Problem to work on: Leave no picture in, and give every entry again exactly.

[Stored dataset items]
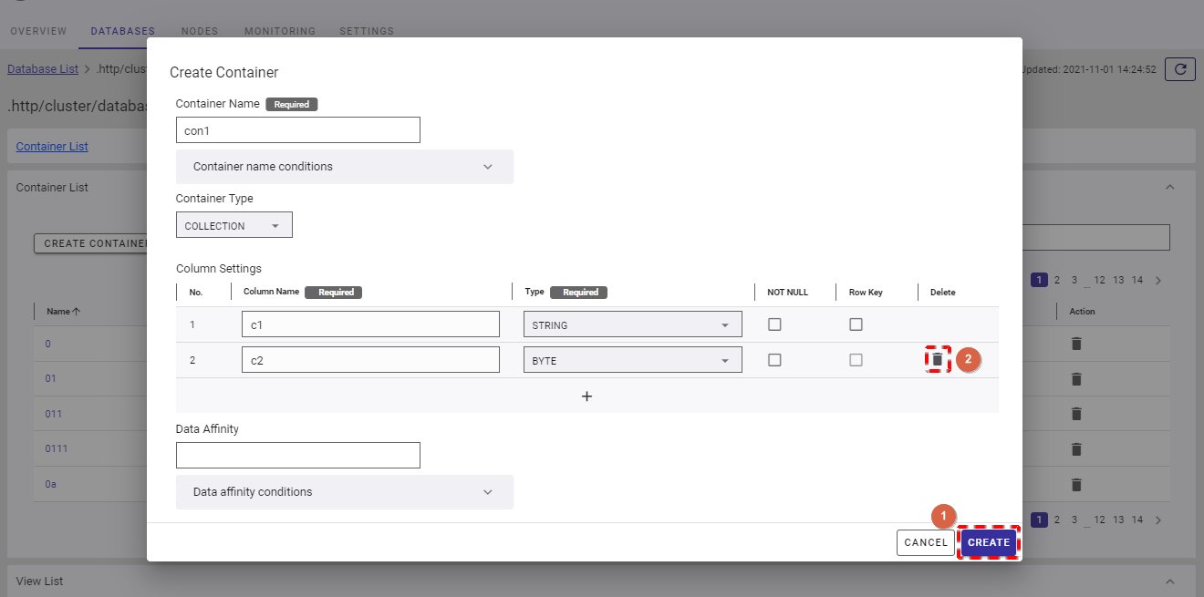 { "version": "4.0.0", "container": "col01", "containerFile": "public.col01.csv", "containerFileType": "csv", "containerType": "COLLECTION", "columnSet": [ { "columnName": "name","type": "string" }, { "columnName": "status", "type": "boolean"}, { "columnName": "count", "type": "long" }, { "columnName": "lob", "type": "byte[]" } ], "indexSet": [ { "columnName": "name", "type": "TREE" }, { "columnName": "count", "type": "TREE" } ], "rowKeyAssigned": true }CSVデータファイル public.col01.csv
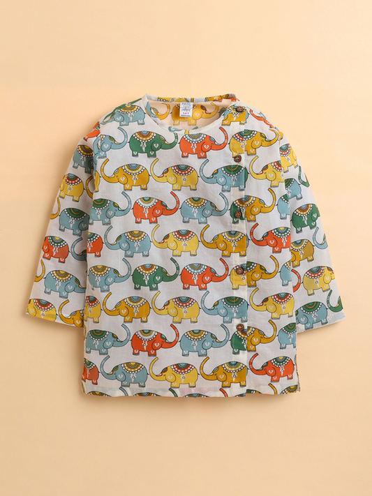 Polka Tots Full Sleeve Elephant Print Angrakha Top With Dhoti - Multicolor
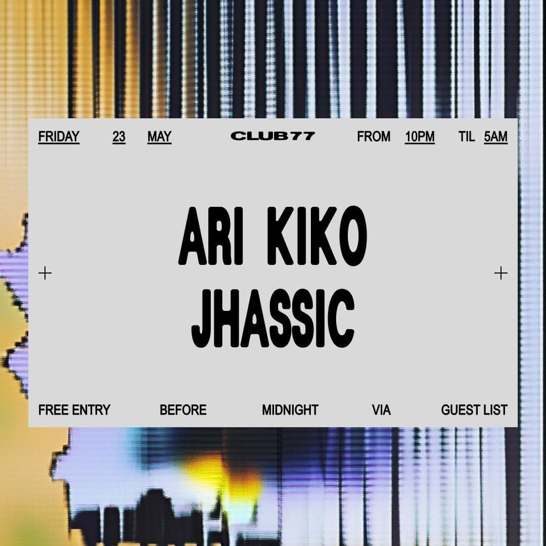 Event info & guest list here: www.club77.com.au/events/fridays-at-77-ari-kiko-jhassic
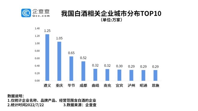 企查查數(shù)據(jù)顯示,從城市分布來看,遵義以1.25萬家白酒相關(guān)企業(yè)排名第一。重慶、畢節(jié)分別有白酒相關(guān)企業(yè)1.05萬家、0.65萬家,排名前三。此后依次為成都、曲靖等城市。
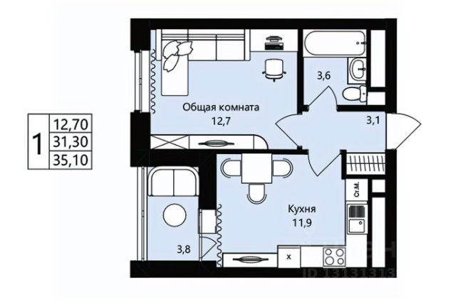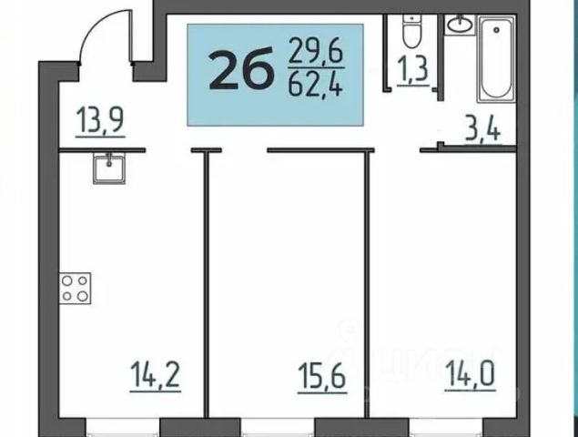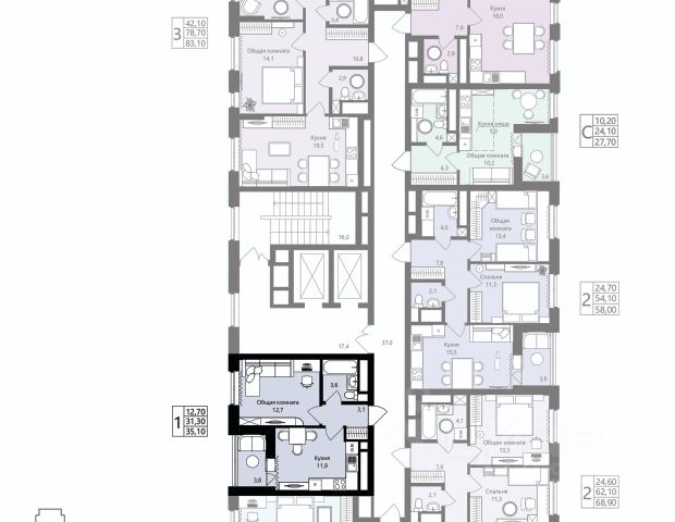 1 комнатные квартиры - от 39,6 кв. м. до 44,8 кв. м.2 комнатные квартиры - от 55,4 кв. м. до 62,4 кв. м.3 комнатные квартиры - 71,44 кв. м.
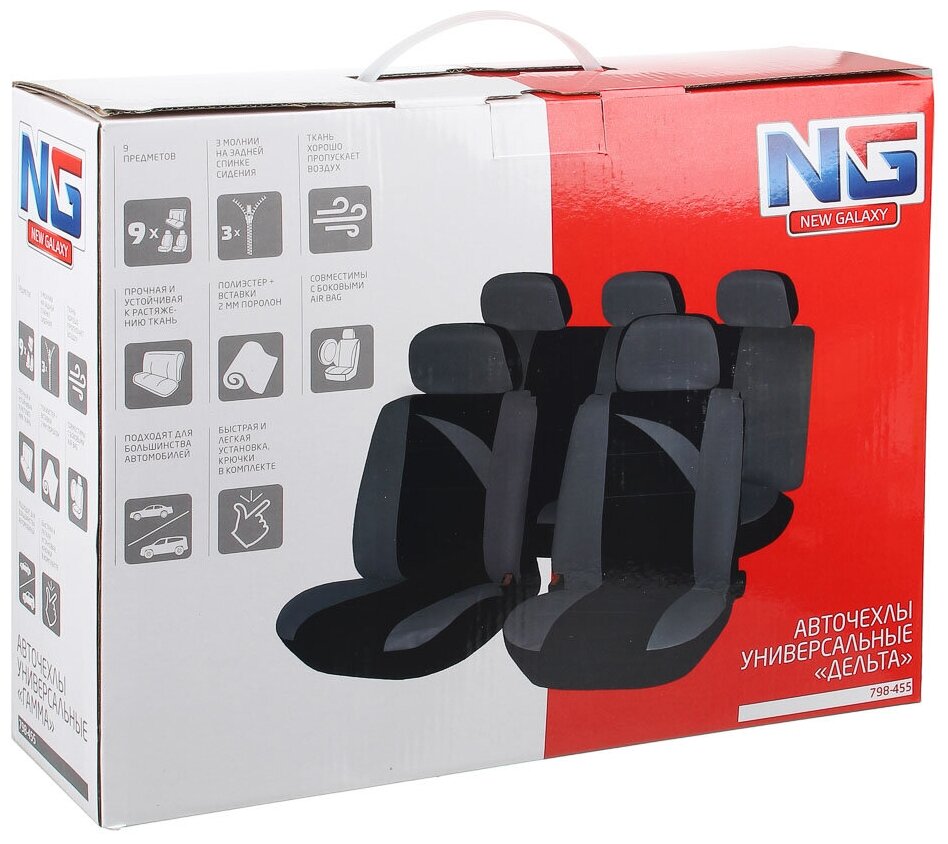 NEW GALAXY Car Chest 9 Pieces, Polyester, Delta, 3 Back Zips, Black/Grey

Solved exercise:
 { "version": "4.0.0", "container": "col01", "containerFile": "public.col01.csv", "containerFileType": "csv", "containerType": "COLLECTION", "columnSet": [ { "columnName": "name","type": "string" }, { "columnName": "status", "type": "boolean"}, { "columnName": "count", "type": "long" }, { "columnName": "lob", "type": "byte[]" } ], "indexSet": [ { "columnName": "name", "type": "TREE" }, { "columnName": "count", "type": "TREE" } ], "rowKeyAssigned": true }CSVデータファイル public.col01.csv
 Polka Tots Full Sleeve Elephant Print Angrakha Top With Dhoti - Multicolor
 Event info & guest list here: www.club77.com.au/events/fridays-at-77-ari-kiko-jhassic
 企查查數(shù)據(jù)顯示,從城市分布來看,遵義以1.25萬家白酒相關(guān)企業(yè)排名第一。重慶、畢節(jié)分別有白酒相關(guān)企業(yè)1.05萬家、0.65萬家,排名前三。此后依次為成都、曲靖等城市。
 1 комнатные квартиры - от 39,6 кв. м. до 44,8 кв. м.2 комнатные квартиры - от 55,4 кв. м. до 62,4 кв. м.3 комнатные квартиры - 71,44 кв. м.
 NEW GALAXY Car Chest 9 Pieces, Polyester, Delta, 3 Back Zips, Black/Grey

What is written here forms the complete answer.